Jurnal Asosiasi Medis Amerika juga kini telah memposting serangkaian hasil percobaan Fase 3 donanemab di situs webnya — bersama dengan beberapa editorial penting tentang pro dan kontra dari studi obat ini.

Beberapa hasil yang dirilis sejauh ini untuk obat donanemab memang positif.

Namun, obat ini bukanlah obat penyembuh. Yang dapat dilakukan oleh obat donanemab adalah memperlambat perkembangan penyakit Alzheimer pada beberapa orang.

Obat ini hanya untuk pasien dengan gangguan kognitif ringan atau tahap demensia ringan dari penyakit Alzheimer. Obat ini tidak untuk orang di tahap akhir penyakit Alzheimer. Dan obat ini juga tidak untuk orang dengan bentuk demensia lainnya.

Akan memerlukan waktu untuk evaluasi lebih luas oleh komunitas ilmiah terhadap data lengkap percobaan Fase 3 donanemab.

Selain itu, ada setidaknya empat percobaan Fase 3 lain dari donanemab yang saat ini sedang berlangsung. Studi-studi ini tidak akan selesai hingga 2024, 2025, dan 2027.

Apa yang Perlu Anda Ketahui tentang Donanemab (Kisunla™)
Obat Donanemab (Kisunla™)

Sementara itu, berikut adalah beberapa pertanyaan kunci yang sering kali kita dengar dari orang-orang mengenai donanemab — dan beberapa jawabannya juga.

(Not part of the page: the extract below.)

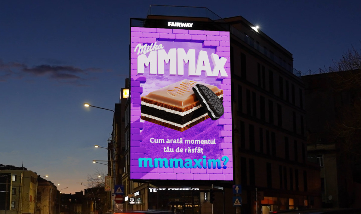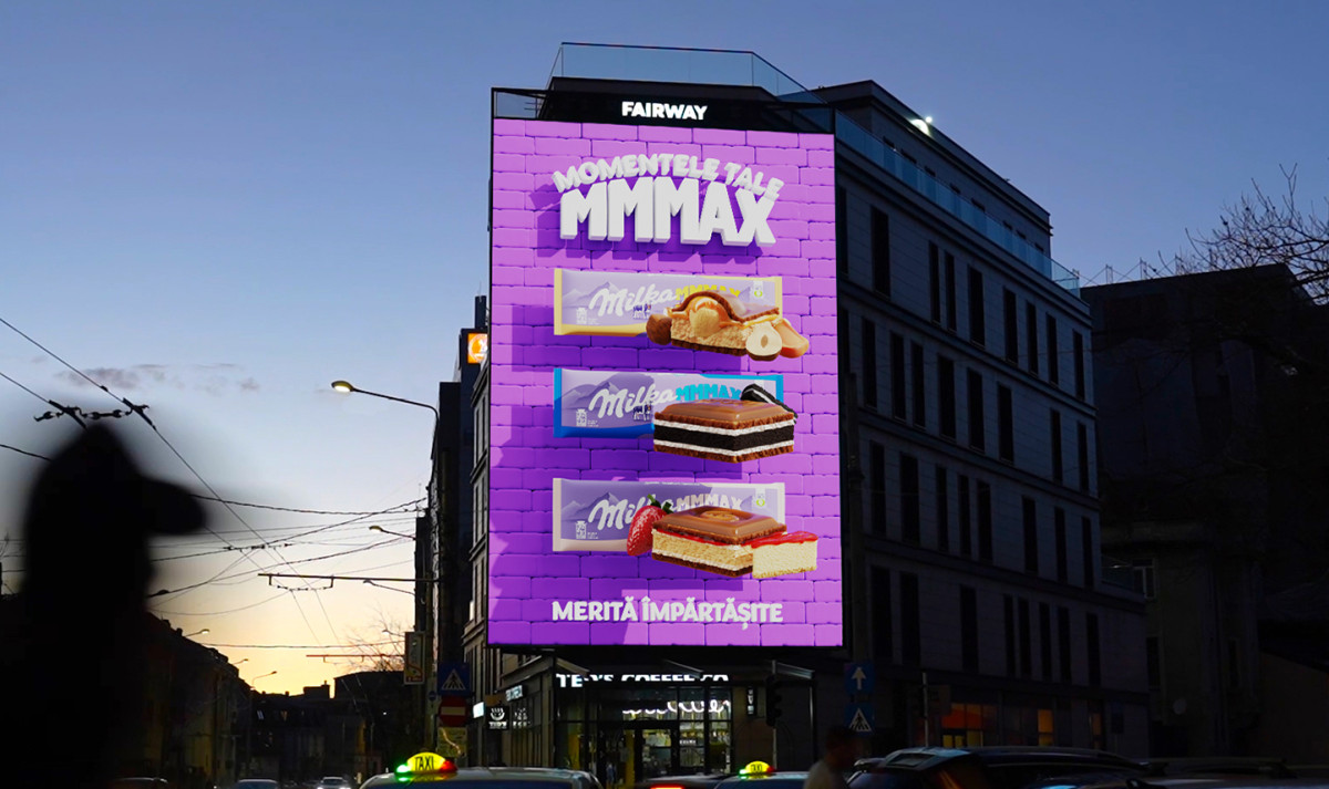 Activarea 3D OOH este parte din noua campanie de comunicare Milka MMMAX, care își propune să amplifice ideea că atunci când guști o Milka MMMAX te bucuri de straturi cremoase de ciocolată în combinații irezistibile și de un moment de răsfăț mmmaxim.

Apa itu donanemab? Bagaimana obat ini bekerja?

  • Donanemab adalah pengobatan dengan antibodi monoklonal.
  • Donanemab adalah obat yang diberikan melalui injeksi intravena yang dirancang untuk menargetkan plak amiloid di otak orang dengan gangguan kognitif ringan atau tahap awal penyakit Alzheimer.
  • Obat ini akan mengikat plak amiloid tersebut dan memungkinkan tubuh untuk menghilangkannya dari otak.
  • Secara ringkas, aksi utama obat donanemab (Kisunla™) adalah menghilangkan plak amiloid dari otak.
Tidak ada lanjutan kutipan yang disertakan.